Just to make sure we have this straight -- if it is a GAP, you're fine. If it is two side by side pieces sitting at a different height, break out the rasp and smooth it out.

A gap is probably caused by the tongue and groove arrangement on the panels not being properly engaged.


----------



## Brakeman Jake (Mar 8, 2009)

The foam is normally used for house insulation so thickness precision is not required.There are indeed differences from a board to another but geneally isn't much.Sanding it down may not be the best thing to do as you may create a longer low spot.If the difference is light,I simply see that my track joints don't match and have the trackage jump over it.If heavier,I peel a slice of scrap foam and glue it to the void,when dried I roughly sand it smooth.


----------



## Mattsn (Nov 22, 2015)

CTValleyRR said:


> Just to make sure we have this straight -- if it is a GAP, you're fine. If it is two side by side pieces sitting at a different height, break out the rasp and smooth it out.
> 
> A gap is probably caused by the tongue and groove arrangement on the panels not being properly engaged.


It is not a gap between two pieces.

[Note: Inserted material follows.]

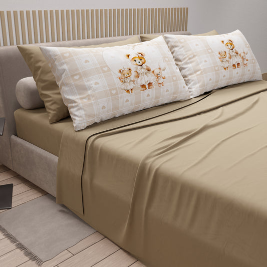 Lenzuola in Cotone, Completo Letto con Federe in Stampa Digitale Teddy Love Tortora
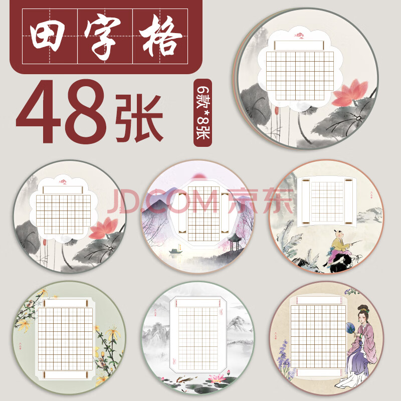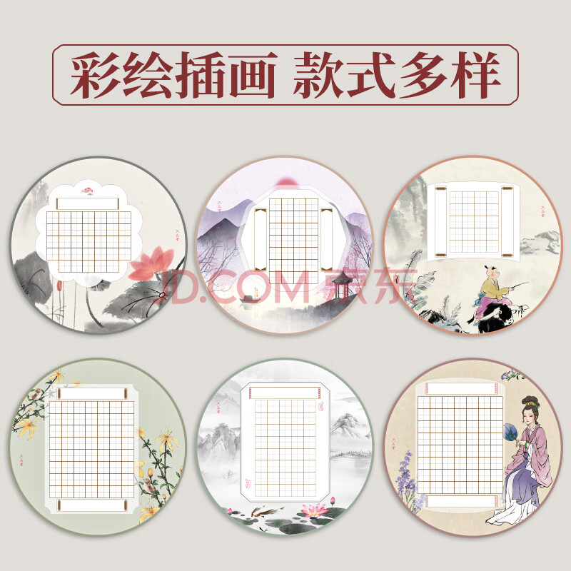 商品相册:六品堂硬笔书法作品纸圆形中国风比赛专用纸小学生古诗词田字格练字本第

It's where the edges of where two pieces come together, taper Down slightly. I have plastered the low areas and am sending them to level it out. I was worried about track issues


----------



## Lemonhawk (Sep 24, 2013)

The better the foundation the better the track! Make sure your level across the track, prevents the train from wobbling down the track. You can also use a long sanding board to smooth out "waves" in the track bed.


----------



## Ml-toys (Dec 19, 2013)

I have the same thing i believe that he is talking about. One sheet is slightly thicker and the edge rolls down to meet the joint.


----------



## Magic (Jan 28, 2014)

Try turning them over. I had the same issue and found one side dipped and the other was pretty smooth. Might work for you?????

If not I'd fill them.

Magic


----------



## CTValleyRR (Jul 26, 2014)

Mattsn said:


> It is not a gap between two pieces. It's where the edges of where two pieces come together, taper Down slightly. I have plastered the low areas and am sending them to level it out. I was worried about track issues


Yes, I understand that you're worried about the track. It really comes down to how wide it is. You should have a long straight edge anyway. As someone said above, make sure you don't have an unsoldered track joint in this area (as long as you do the soldering on a smooth surface, a soldered joint is fine). Lay the piece of track you intend to use across the area and put the straight edge on top. If there is a gap between the straight edge and the track, you will have to patch and / or shim. If not, no worries.


----------



## Mattsn (Nov 22, 2015)

CTValleyRR said:


> Yes, I understand that you're worried about the track. It really comes down to how wide it is. You should have a long straight edge anyway. As someone said above, make sure you don't have an unsoldered track joint in this area (as long as you do the soldering on a smooth surface, a soldered joint is fine). Lay the piece of track you intend to use across the area and put the straight edge on top. If there is a gap between the straight edge and the track, you will have to patch and / or shim. If not, no worries.



Thanks. I've already leveled them all out. I used plaster and a sanding block. Straight edge shows no light underneath now. This pink foam has alot on inconsistencies.


----------



## Brakeman Jake (Mar 8, 2009)

Don't lose your sleep over it.Tracks will easily sail over minor dips that ballasting will hide completely.


----------